Here Aug Hempel, lounging largely in his chair and eyeing Selina intently, turned his gaze absently through the window to where the grays, a living equine statue, stood before the house. His tone was one of meditation, not of argument. “It don't work out that way, seems. About mistakes it's funny. You got to make your own; and not only that, if you try to keep people from making theirs they get mad.” He whistled softly through his teeth following this utterance and tapped the chair seat with his finger nails.

“It's beauty!” Selina said then, almost passionately. Aug Hempel and Julie plainly could make nothing of this remark so she went on, eager, explanatory. “I used to think that if you wanted beauty—if you wanted it hard enough and hopefully enough—it came to you. You just waited, and lived your life as best you could, knowing that beauty might be just around the corner. You just waited, and then it came.”
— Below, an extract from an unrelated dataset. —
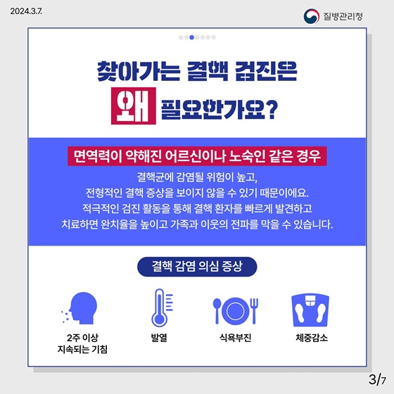 적극적인 검진 활동을 통해 결핵 환자를 빠르게 발견하고 치료하면 완치율을 높이고 가족과 이웃의 전파를 막을 수 있습니다.
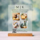 Modernes Minimalistisches Business Plaque Tabletop Akryllisches Zeichen mit 4 Fotos. Schwarz & Weiß oder wählen Sie Ihre eigenen Farben. Fügen Sie dem QR Scan Code Ihre Website oder Web-Adresse für Social Media hinzu. Ermöglicht den Kunden, die Prüfung zu verwenden, um auf Informationen zu Ihren Produkten wie Produkten oder Menüelementen zuzugreifen. Ideal für Einzelhändler, kleine Geschäfte, kleine Kioske, Messen und Events, Gastfreundschaft, Salons, Wellness-Center, Bäckereien, Cafés, Restaurants, Bars und vieles mehr. Einfach mit Ihren Monogramm-Initialen, Firmennamen und Informationen, Fotos, Slogan oder sogar mit Ihrem Logo oder persönlichem Markendesign personalisieren.

“Beauty!” exclaimed Julie, weakly. She stared at Selina in the evident belief that this work-worn haggard woman was bemoaning her lack of personal pulchritude.

“Yes. All the worth-while things in life. All mixed up. Rooms in candle-light. Leisure. Colour. Travel. Books. Music. Pictures. People—all kinds of people. Work that you love. And growth—growth and watching people grow. Feeling very strongly about things and then developing that feeling to—to make something fine come of it.” The word self-expression was not in cant use then, and Selina hadn't it to offer them. They would not have known what she meant if she had. She threw out her hands now in a futile gesture. “That's what I mean by beauty. I want Dirk to have it.”

Julie blinked and nodded with the wise amiable look of comprehension assumed by one who has understood no single word of what has been said. August Hempel cleared his throat.

“I guess I know what you're driving at Selina, maybe. About Julie I felt just like that. She should have everything fine. I wanted her to have everything. And she did, too. Cried for the moon she had it.”

“I never did have it, Pa, any such thing!”

“Never cried for it, I know of.”

“For pity's sake!” pleaded Julie, the literal, “let's stop talking and do something. My goodness, anybody with a little money can have books and candles and travel around and look at pictures, if that's all. So let's
do
something. Pa, you've probably got it all fixed in your mind long ago. It's time we heard it. Here Selina was one of the most popular girls in Miss Fister's school, and lots of people thought the prettiest. And now just look at her!”

A flicker of the old flame leaped up in Selina. “Flatterer!” she murmured.